]>
In this dissertation, we demonstrate several joint models to refine a knowledge graph under different settings, ranging from validating inferred facts to extracting and justifying beliefs from text. We first consider verifying an existing knowledge graph without any additional or supporting provenance information. We develop unsupervised models using knowledge-enriched tensor factorization to determine the validity of the inferred facts by learning entity and relation embeddings. Compared to previous approaches, our model depends on neither external schema nor a corpus to guide the learning of the embeddings. Rather, it constrains the embeddings using graph structures computed using data-driven approaches. We introduce four models, two quadratic and two linear in the number of entities, and study the effect of incorporating graph structures. We also provide a convergence proof for one of our models, demonstrating that the linear model with more than two variables converges. Compared with other baselines we found the models with prior information to achieve better performance and generalization especially when the graph is very sparse.
Secondly, we consider verifying an existing knowledge graph, but we assume that we may make use of text-based provenance. In the previous problem, we assumed the underlying knowledge graph does not contain errors. However, it is rare to obtain such a good quality extraction from text. Hence, we explore the reading consistency of a machine to extract beliefs from given provenance sentences to construct a knowledge graph. We describe an approach to jointly determine if an existing knowledge graph belief was read consistently or not and suggest a potential fix when it was not read consistently. Unlike previous approaches, ours does not depend on opaque web search engines, does not make use of schema, and does not assume an ensemble of IE systems. By conducting experiments on different IE and human-generated datasets, we found that most of the errors made by information extraction systems are due to choosing an incorrect relation given provenance information, and a simple model can perform comparably well with a complex or more expressive model. As the errors made by IE systems are mostly lexical or syntactic in nature, the word order (or composability) can be ignored for the task.
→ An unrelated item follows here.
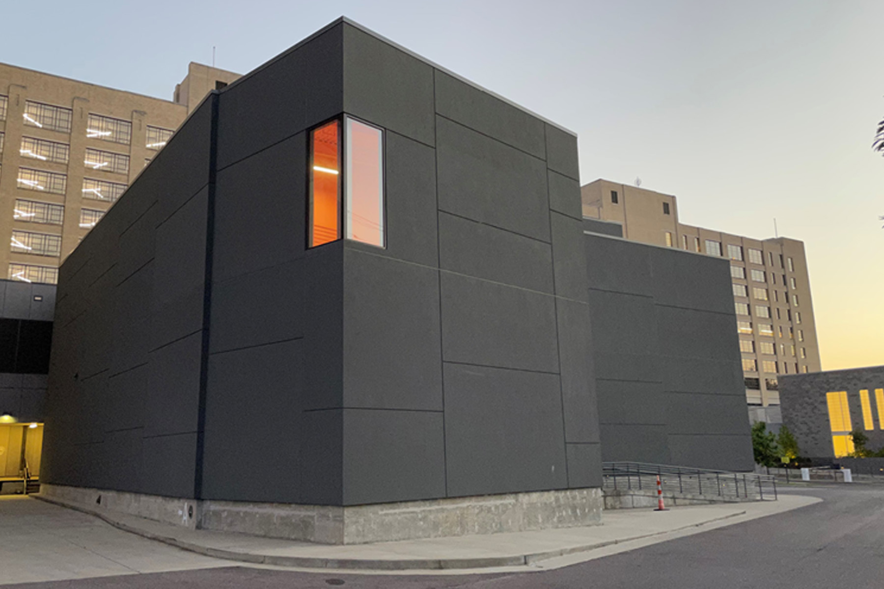 Designed from the inside out, the theater’s interior spaces push the envelope, giving shape to the building’s exterior. The boxy, dark gray exterior is emblematic of the black-box theater. The rake of the seating line inscribed on the west exterior extends beyond the building mass to a cantilevered control room providing shelter over the building’s entrance. Opposite the public face, performers easily access the theater for direct load-in/load-out access along the original rail line path that connected to the powerplant.
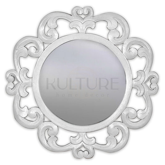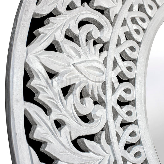 Hand Carved Mirror "Wanasari" in White Wash - 70 cm

We finally consider how to verify beliefs represented in natural language. This deviates from the assumptions of our previous contributions---namely that here we are not working with tuples but rather the text used to generate tuples. Most of the current information extraction systems do not question the quality of the input sentences and process/extract facts from it. In the case of misinformed articles, incorrect facts could be learned which might conflict with existing knowledge graph facts. To fill the gap we propose a novel model to determine the validity of the input sentence and provide interpretable, evidence justifications to explain the classifier's prediction. Compared to previous work, which are focused on specific datasets and use dataset-specific heuristics, we focus on studying the effectiveness of frame-based semantics to narrow the search space of evidence sentences to provide better explanations and study the effect of utilizing discrete inference for claim validity task, and benefit of jointly learning the claim classification and explanation task. We found joint modeling performs better compared to a single task. Also, better evidence sentences are retrieved when semantic-frames from FrameNet are considered achieving significant performance gain nearly double the performance in the retrieval and the classification task.
]]>